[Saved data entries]
=-=-=-=-=

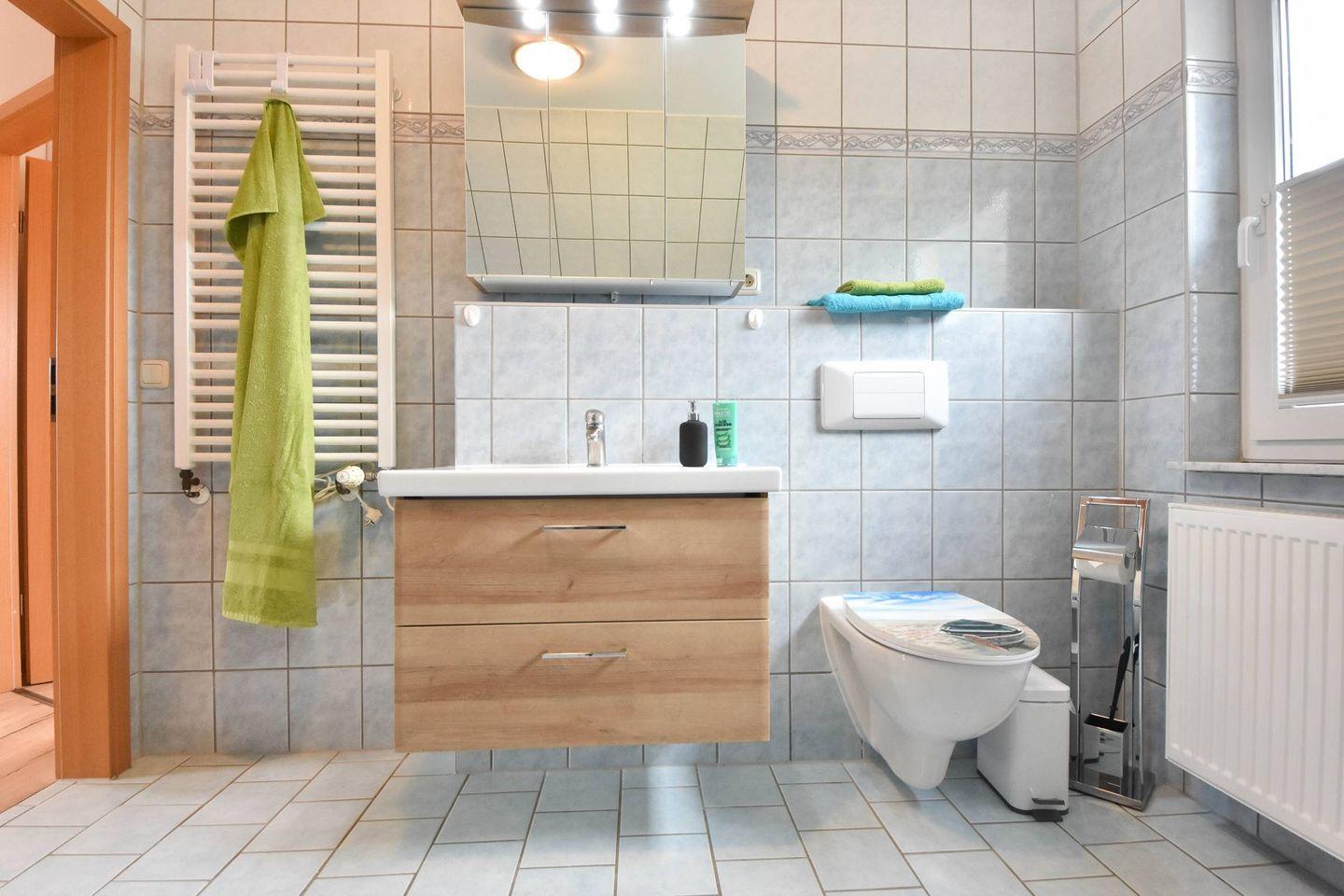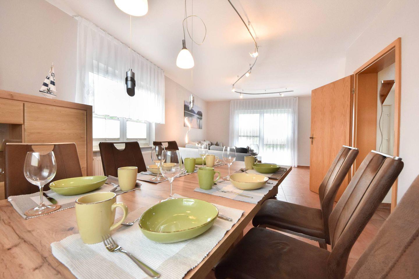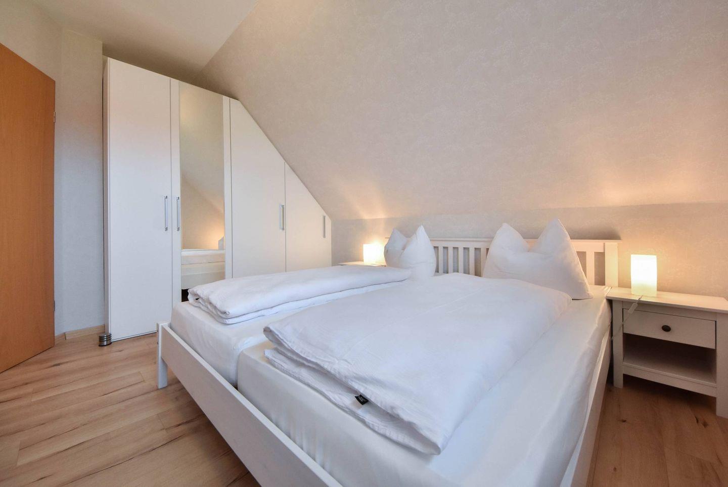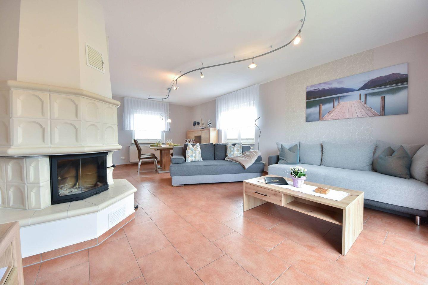 Die große Ferienwohnung verfügt über etwa 117 m² und drei Schlafzimmer. Sie wurde mit viel Liebe zum Detail renoviert und bietet nun für sechs Personen ausreichend Platz. Im Erdgeschoss befinden sich der offene Wohnraum samt Esstisch und Kamin, die voll ausgestattete Küche mit Backofen und allen Annehmlichkeiten, sowie das Gäste-WC. Über die Treppe gelangen Sie in das obere Stockwerk. Zwei der drei Schlafzimmer sind mit Doppelbett eingerichtet, der dritte Schlafraum mit zwei Einzelbetten. Alle Zimmer verfügen über ausreichend Stauraum für Ihre Garderobe. Die Fenster sind abdunkelbar und mit Mückenschutz ausgestattet. Ebenfalls auf dieser Etage finden Sie das große Badezimmer mit Dusche und Badewanne.
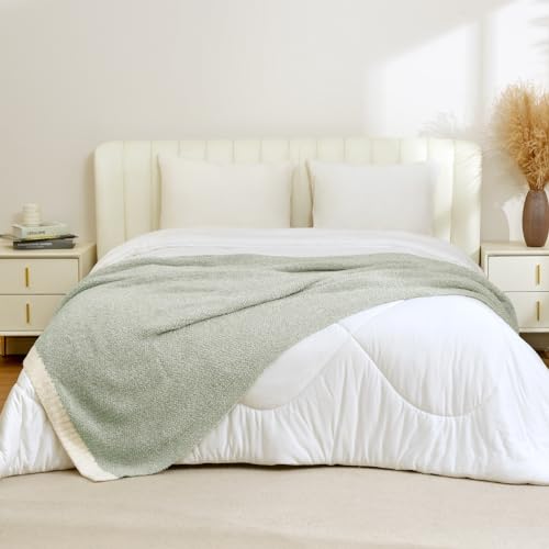 Snuggle Sac Sage Green Throw Blanket 50\"x70\" Super Soft Warm Microfiber Blankets Cozy Knit Fuzzy Lightweight Oversized Throws for Couch Sofa Bed Camping Picnic (Sage Green 50x70 inches Price in USA
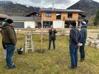 Das Ökomodell begleitet das Projekt und freut sich, mit Markus Breier, Kreisfachberater für Gartenkultur und Landespflege vom Landratsamt Traunstein, einen fachkundigen und engagierten Experten an der Seite zu haben. Er berät die Interessenten in der Standortfrage und Auswahl des richtigen Baumes und begleitet die Pflanzaktion. Im Frühjahr diesen Jahres hat er sein Fachwissen bei einem Baumschneidekurs an die Teilnehmer weitergegeben.
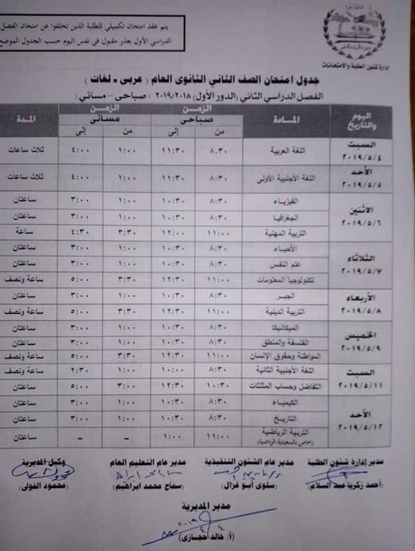 ننشر جدول امتحانات الصف الثاني الثانوي بالجيزة
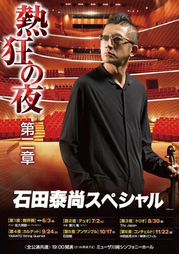 カリスマヴァイオリニスト石田泰尚の「石田泰尚スペシャル 熱狂の夜第二章」第3夜「トリオ」。 ミューザ川崎シンフォニーホールを舞台に、月に1夜ずつ、ソロによる無伴奏から始まってデュオ、トリオ、カルテット、アンサンブル、そして最後はコンチェルトと…

=-=-=-=-=

Required action
Copy out each line of the data exactly as it reads; skip the pictures.

Task result
 Die große Ferienwohnung verfügt über etwa 117 m² und drei Schlafzimmer. Sie wurde mit viel Liebe zum Detail renoviert und bietet nun für sechs Personen ausreichend Platz. Im Erdgeschoss befinden sich der offene Wohnraum samt Esstisch und Kamin, die voll ausgestattete Küche mit Backofen und allen Annehmlichkeiten, sowie das Gäste-WC. Über die Treppe gelangen Sie in das obere Stockwerk. Zwei der drei Schlafzimmer sind mit Doppelbett eingerichtet, der dritte Schlafraum mit zwei Einzelbetten. Alle Zimmer verfügen über ausreichend Stauraum für Ihre Garderobe. Die Fenster sind abdunkelbar und mit Mückenschutz ausgestattet. Ebenfalls auf dieser Etage finden Sie das große Badezimmer mit Dusche und Badewanne.
 Snuggle Sac Sage Green Throw Blanket 50\"x70\" Super Soft Warm Microfiber Blankets Cozy Knit Fuzzy Lightweight Oversized Throws for Couch Sofa Bed Camping Picnic (Sage Green 50x70 inches Price in USA
 Das Ökomodell begleitet das Projekt und freut sich, mit Markus Breier, Kreisfachberater für Gartenkultur und Landespflege vom Landratsamt Traunstein, einen fachkundigen und engagierten Experten an der Seite zu haben. Er berät die Interessenten in der Standortfrage und Auswahl des richtigen Baumes und begleitet die Pflanzaktion. Im Frühjahr diesen Jahres hat er sein Fachwissen bei einem Baumschneidekurs an die Teilnehmer weitergegeben.
 ننشر جدول امتحانات الصف الثاني الثانوي بالجيزة
 カリスマヴァイオリニスト石田泰尚の「石田泰尚スペシャル 熱狂の夜第二章」第3夜「トリオ」。 ミューザ川崎シンフォニーホールを舞台に、月に1夜ずつ、ソロによる無伴奏から始まってデュオ、トリオ、カルテット、アンサンブル、そして最後はコンチェルトと…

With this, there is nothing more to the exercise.